TASK OBJECTIVE:
Line by line, retype the material exactly and leave each picture out.

THE DATA:
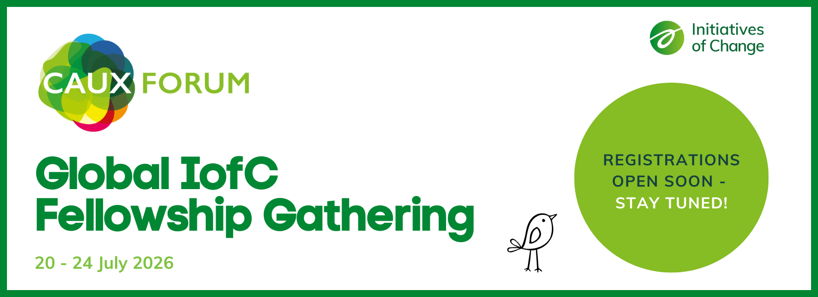 The Global IofC Fellowship Gathering (20–24 July 2026) is a unique opportunity to reconnect and energize the worldwide IofC community. This gathering will provide space for reflection, connection, and direction for all those deeply committed to the values and work of Initiatives of Change (IofC).
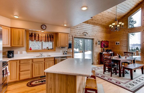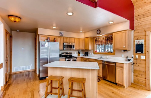 Walk up the stairs to the Great Room where you can enjoy high vaulted ceilings and floor to ceiling views of the surrounding woodlands and distant peaks. The spacious Living Area has comfortable leather couches centered around a wood-burning fireplace and majestic stone hearth all open to the Dining Area and the bright and cheerful Kitchen. The Dining space has a large table with comfortable seating for 6, a sideboard and walkout access to the propane BBQ grill. The well appointed Kitchen has custom cabinets and countertops, numerous cooking gadgets and high-top seating for 2 at the bar - the perfect place for whipping up your family's favorite meal! Just beyond the Kitchen, the Mid-Level Bedroom offers large windows, a Queen bed, a corner Twin and a large storage closet. The Mid-Level Central Bathroom features a standard vanity, toilet, corner shower and full size washer and dryer available for guest use - So no need to waste precious vacation time at the laundromat in town!
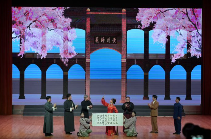 “一山复一山,一岭高一岭。学堂遍黄冈,处处读书声。百年老师范,代代铸师魂。初心似红烛,不畏霜天永放光明。”9月22日晚,根据教育部、文化和旅游部、财政部2025年“高雅艺术进校园”活动安排,黄冈师范学院大型原创黄梅戏音乐剧《霜天红烛》在宁夏中卫市职业技术学校震撼上演。
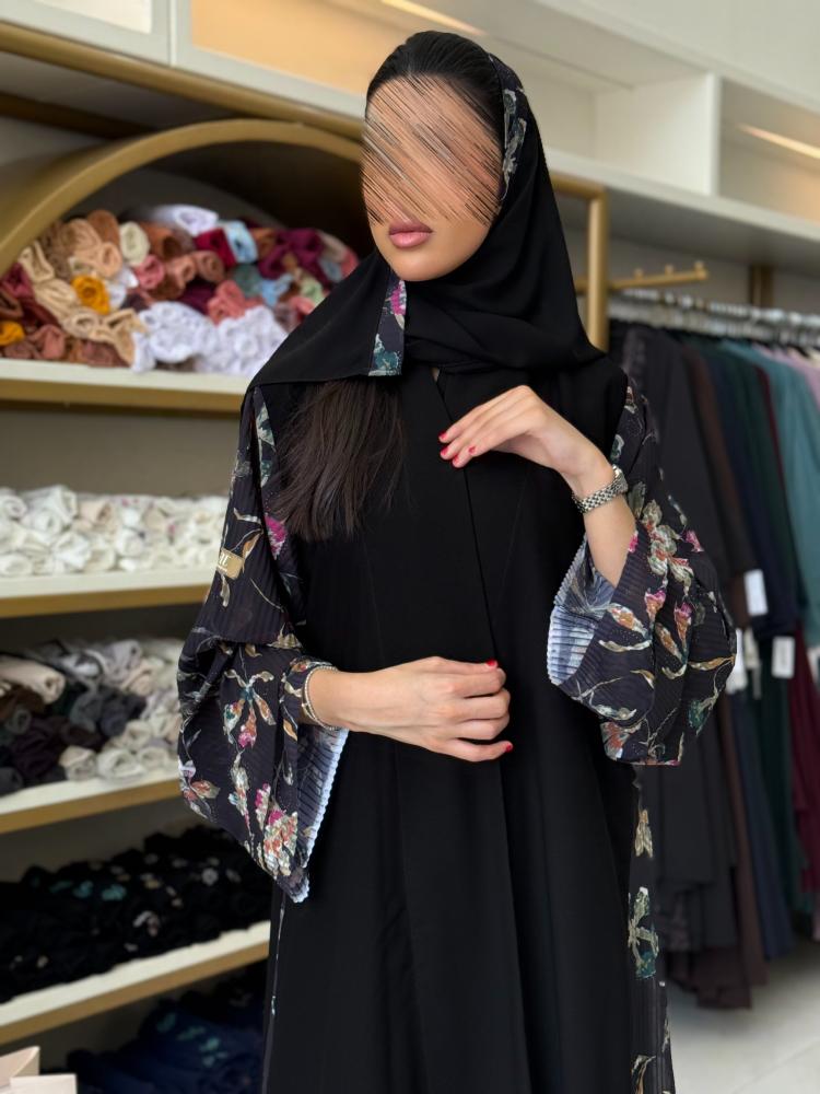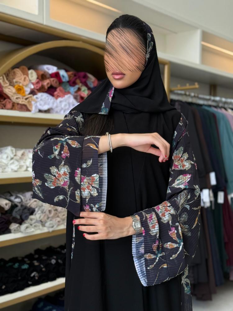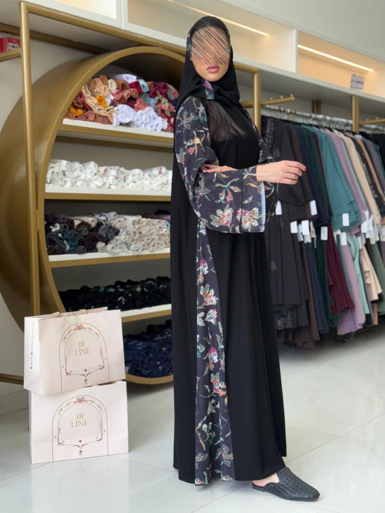 عباية سالي بقماش كريب ملكي تدخيلات شيفون مكسر 2

EXERCISE ANSWER:
 The Global IofC Fellowship Gathering (20–24 July 2026) is a unique opportunity to reconnect and energize the worldwide IofC community. This gathering will provide space for reflection, connection, and direction for all those deeply committed to the values and work of Initiatives of Change (IofC).
 Walk up the stairs to the Great Room where you can enjoy high vaulted ceilings and floor to ceiling views of the surrounding woodlands and distant peaks. The spacious Living Area has comfortable leather couches centered around a wood-burning fireplace and majestic stone hearth all open to the Dining Area and the bright and cheerful Kitchen. The Dining space has a large table with comfortable seating for 6, a sideboard and walkout access to the propane BBQ grill. The well appointed Kitchen has custom cabinets and countertops, numerous cooking gadgets and high-top seating for 2 at the bar - the perfect place for whipping up your family's favorite meal! Just beyond the Kitchen, the Mid-Level Bedroom offers large windows, a Queen bed, a corner Twin and a large storage closet. The Mid-Level Central Bathroom features a standard vanity, toilet, corner shower and full size washer and dryer available for guest use - So no need to waste precious vacation time at the laundromat in town!
 “一山复一山,一岭高一岭。学堂遍黄冈,处处读书声。百年老师范,代代铸师魂。初心似红烛,不畏霜天永放光明。”9月22日晚,根据教育部、文化和旅游部、财政部2025年“高雅艺术进校园”活动安排,黄冈师范学院大型原创黄梅戏音乐剧《霜天红烛》在宁夏中卫市职业技术学校震撼上演。
 عباية سالي بقماش كريب ملكي تدخيلات شيفون مكسر 2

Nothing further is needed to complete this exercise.